New computer simulations claim that runaway stars, colliding with other stars and merging with them serially, may become the medium-sized black holes whose inexplicable origins have baffled astronomers.
New computer simulations claim that runaway stars, colliding with other stars and merging with them serially, may become the medium-sized black holes whose inexplicable origins have baffled astronomers.
The outcome of this snowball, which may occur at the center of dense young star clusters, will cause the formation of black holes, as the stars explode and die.

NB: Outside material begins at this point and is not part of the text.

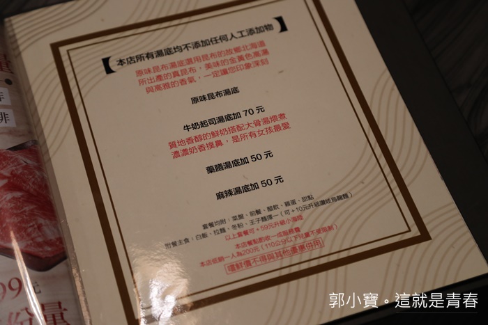 除了原味昆布鍋以外,其他的鍋物都需要另外加價,牛奶鍋的部分需再加價70元,而麻辣跟藥膳則需要另外加價50元,我個人覺得還滿合理的,因為他們家特別標明全部的鍋底都不加人工添加物,也就是全部的湯頭都是熬煮出來的,跟粉泡的湯底完全是不一樣的。 |
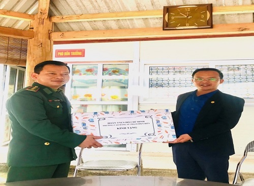 Đồng chí Trần Thanh Bắc - Bí thư Đoàn trường CĐSP Điện Biên tặng quà cho cán bộ, chiến sĩ

Medium-sized black holes have not yet been unequivocally predicted. However, they are considered the missing link between black holes with a mass of a tenth of the solar mass and black holes with a mass of more than millions and billions of solar masses. Both of these types have long been documented.
However, theorists are unable to reach a conclusion as to how the intermediate black holes are formed. Some claim that they are formed as a result of accidental collisions between smaller black holes. More exotic ideas include gas clouds, which form black holes, if they radiate most of their energy through neutrinos.
"Both of these proposals have some serious problems, I think," says Simon Portgues Zawart, an astrophysicist at the University of Amsterdam in the Netherlands, who conducted the computer simulations.
Portuguese Zavart and his team suspected that an intermediate black hole formed after a massive star, pulled to the center of a dense star cluster by gravity, merged with other stars in the cluster.
"Stars are like sticky balls - you can push them into each other and you get one star," Portuguese Zawart told New Scientist.
If such a star accumulates a mass of 800 to 3000 times the mass of the Sun before exploding in a supernova, the product of the explosion may be a medium-sized black hole, whose mass ranges from 100 to 1000 solar masses. For this to happen, the cluster must be young in years - about ten million years old - say the researchers.
Four of these young, dense clusters (called YODEC) have been discovered in the Milky Way, and two were recently observed at the center of a galaxy about twelve million light-years away and visible as 82M.
However, apparently only one of the clusters in 82M, called 11 MGG, has a bright X-ray source, which may be a medium-sized black hole devouring a nearby star.
Portugues Zawart and his team used 6-GRAPE, one of the world's fastest computers located in Japan, and a computer program, developed over years, to try to answer the question: Why might an intermediate black hole form in only one of the clusters. The computer worked for a month to calculate the motion of the 100,000 stars in the cluster over time.
They found that the massive stars in cluster 11 MGG – home to a candidate medium black hole – reached the center of the cluster in three million years, while those in the other cluster reached the center of the cluster in 15 million years.
"Massive stars at 11 MGG, therefore, could easily reach the center of the cluster, before exploding in a supernova. Stars at 9 MGG, however, have not had time to do so," the team writes in the Nature paper.
Stein Sigurdsson, an astronomer at the University of Pennsylvania in the United States, says that he wants to know how the proposed model deals with the evolution of stars and the expected loss of mass in cases where rotating stars collide. However, he says, the process may be the central process that leads to the formation of medium-sized black holes.
Tim Roberts, an astronomer at the University of Leicester in the UK, says the proposed model has caused a lot of excitement among many people.
Portugues Zawart hopes to test his simulations by predicting which of the YODECs in our galaxy might contain a medium-sized black hole, detectable with X-rays.